*DATA SECTION*
┌──
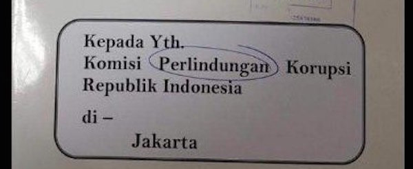 Heboh salah ketik penulisan kepanjangan KPK di kolom surat yang dibuat oleh Kementerian Dalam Negeri. Undangan yang dibuat oleh staf outsourcing bernama Adi Feri di Direktorat Jenderal Politik dan Pemerintahan Umum Kemendagri membuat kehebohan publik ketika menulis “Komisi Perlindungan Korupsi” untuk KPK dari yang semestinya Komisi Pemberantasan Korupsi (KPK). Sebuah sindiran satire?
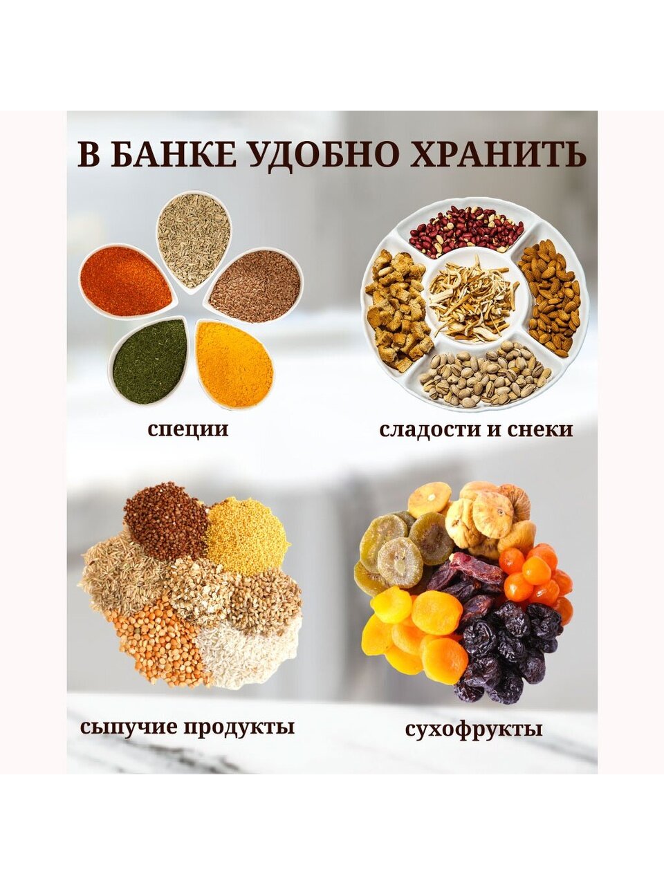 Предназначена для хранения различных сыпучих продуктов.
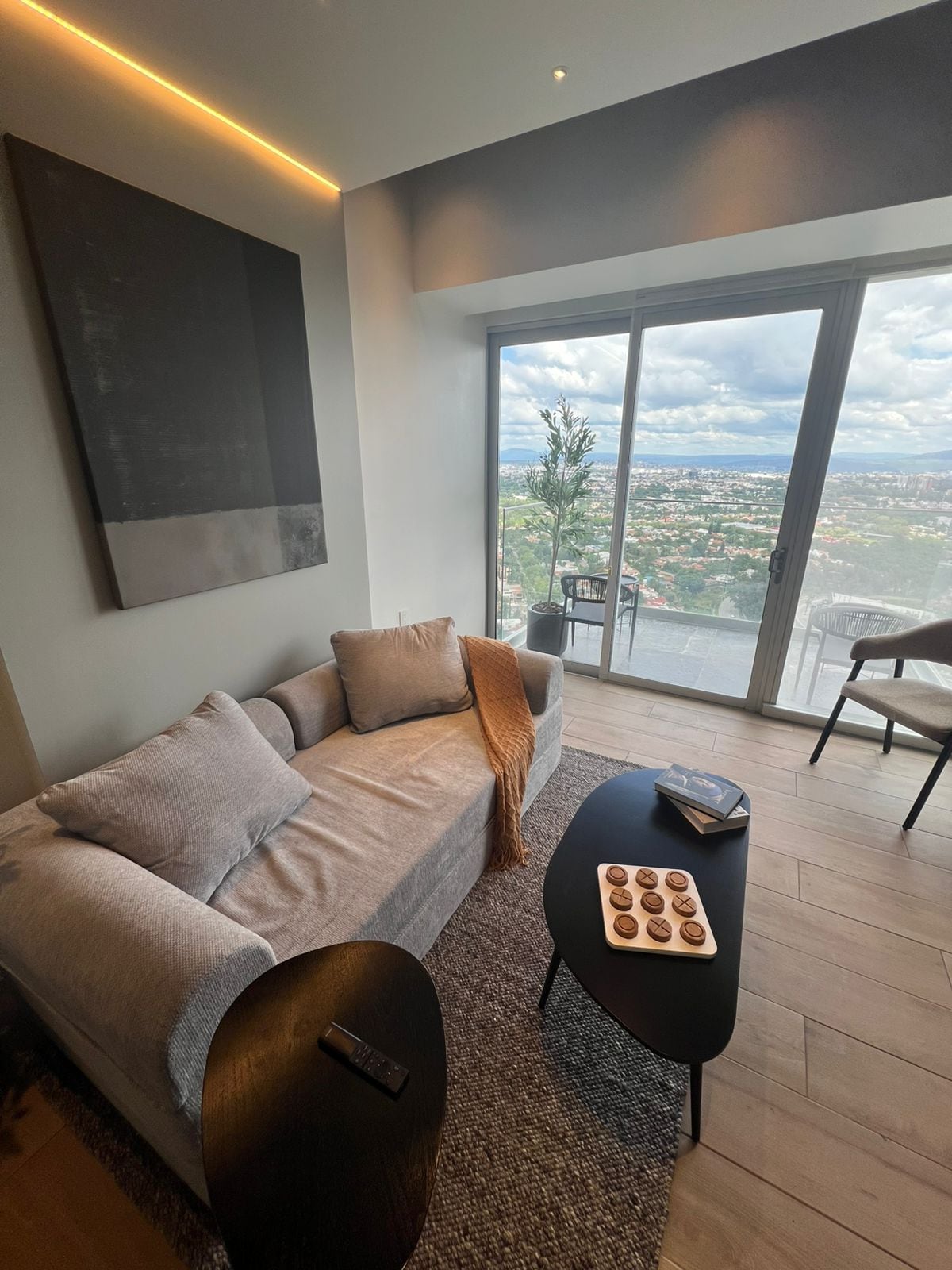Lujoso departamento en Guadalajara, decorado por el despacho FNisino y con muebles fabricados a la medida por manos tapatías. Hospédate en uno de los edificios más exclusivos y nuevos de Providencia, cerca de la zona financiera, el Bosque Colomos, Punto Sao Paulo y solo a 10 minutos de Andares. Espacio excepcionalmente cómodo, que cuenta con todos los servicios y que te hará pasar una increíble estancia. Cuenta con seguridad 24/7, alberca, gimnasio, coworking y estacionamiento propio.
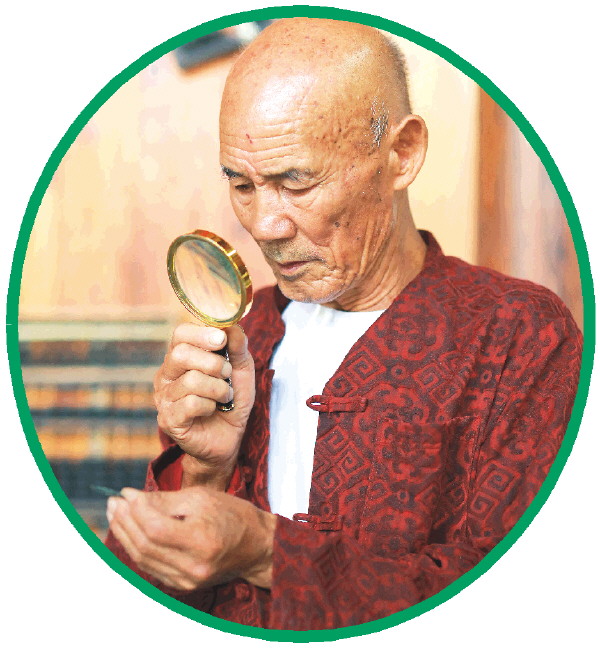 唐以金老人在鉴赏古钱币。记者李忠波 摄
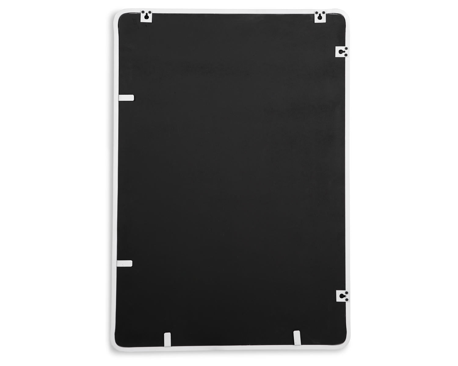White finished metal accent mirror. Keyhole bracket for hanging. Vertical and horizontal hanging.
└──
*PROBLEM TO WORK ON*
Drop the pictures and copy the data exactly.

*RESPONSE TO THIS EXERCISE*
 Heboh salah ketik penulisan kepanjangan KPK di kolom surat yang dibuat oleh Kementerian Dalam Negeri. Undangan yang dibuat oleh staf outsourcing bernama Adi Feri di Direktorat Jenderal Politik dan Pemerintahan Umum Kemendagri membuat kehebohan publik ketika menulis “Komisi Perlindungan Korupsi” untuk KPK dari yang semestinya Komisi Pemberantasan Korupsi (KPK). Sebuah sindiran satire?
 Предназначена для хранения различных сыпучих продуктов.
Lujoso departamento en Guadalajara, decorado por el despacho FNisino y con muebles fabricados a la medida por manos tapatías. Hospédate en uno de los edificios más exclusivos y nuevos de Providencia, cerca de la zona financiera, el Bosque Colomos, Punto Sao Paulo y solo a 10 minutos de Andares. Espacio excepcionalmente cómodo, que cuenta con todos los servicios y que te hará pasar una increíble estancia. Cuenta con seguridad 24/7, alberca, gimnasio, coworking y estacionamiento propio.
 唐以金老人在鉴赏古钱币。记者李忠波 摄
White finished metal accent mirror. Keyhole bracket for hanging. Vertical and horizontal hanging.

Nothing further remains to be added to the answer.